人類ががんのリスクを高めた3つめの要因は、6万年前の「出アフリカ」にありました。
人口の増加により、日差しの強いアフリカを出て地球のあらゆるところへと移動していった人類。しかし、紫外線の弱いヨーロッパ・アジア・アメリカ等に住むようになったことから、紫外線により生成されるビタミンDが不足するようになり、それががんのリスクを高めるようになった、というのです。 紫外線は浴び過ぎても皮膚がんのリスクを高めますが、浴びなくなることもまた逆効果となるのです。

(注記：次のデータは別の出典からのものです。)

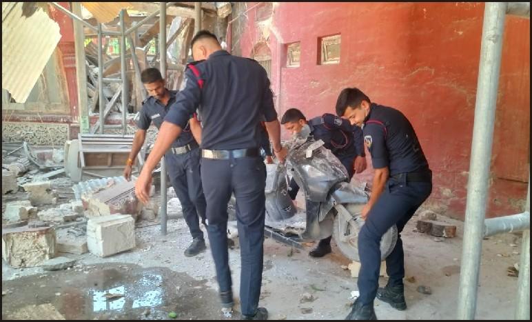 જામનગરના જુની કલેક્ટર કચેરી કમ્પાઉન્ડ સ્થિત જર્જરિત ઈમારતનો કેટલોક હિસ્સો ગઈકાલે તૂટી પડ્યો હતો. પરિણામે એક મોટર અને બાઈકને નુક્સાન થયું હતું. બનાવની જાણ થતા જ મહાનગરપાલિકાની ફાયર અને એસ્ટે શાખાનો સ્ટાફ દોડી ગયો હતો અને જરૂરી કામગીરી હાથ ધરી હતી. જામનગરના લાલબંગલા વિસ્તારની જુની કલેક્ટર કચેરીના મેદાનમાં આવેલી સરકારી ઈમારતનો કેટલોક ભાગ ગઈકાલે તૂટી પડતા કાટમાળ હેઠળ ત્યાં પાર્ક કરાયેલ એક કાર અને બે ટુ-વ્હીલર દબાઈ જતા તેને બહાર કાઢવામાં આવ્યા હતાં, જો કે કોઈ જાનહાની થઈ નથી. બનાવની જાણ થતા જ મહાપાલિકાની ફાયર અને એસ્ટેટ શાખાનો સ્ટાફ દોડી ગયો હતો અને કાટમાળ દૂર ખસેડી અન્ય જર્જરિત હિસ્સાને તોડી પાડ્યો હતો.

そして現代になって加わった、がんのリスクを高める要因のひとつが、ライフスタイルの変化でした。 近年発明された、電球の流通により夜勤に働く人たちが増加しましたが、それが、がんのリスクを高める事になったのです。 女性の場合は乳がんの、男性の場合は前立腺がんのリスクが高いとの疫学的報告がなされました。

それらの要因は、睡眠をつかさどる物質であるメラトニンの不足にあり、がんの増殖を抑制する働き低下があります。 夜間に電気の明るさの中にいることでメラトニンの生成が抑えられ、それによりがんリスクが高まることがわかってきました。

がんの起源とメカニズムが明るみになっていく中で、がん治療法も模索されてきています。 脂肪酸で細胞を活発化させるFASの研究をしている研究者により開発された「FAS阻害薬」は、FASのみをターゲットにしてその働きをブロック、がん細胞の増殖を抑え、死滅させるというもので、現在臨床試験中とのことですが、早く実用化されて大きな効果を期待したいです。

人類の進化と歩調を合わせるように増殖力を高めていったがんですが、がんの起源と歴史を研究する事から、がんに対抗する手段が生み出され、人類に福音をもたらす一因となり、決して他人事ではない病のリスクを抱える人間の一人として、注目をしていきたいと思います。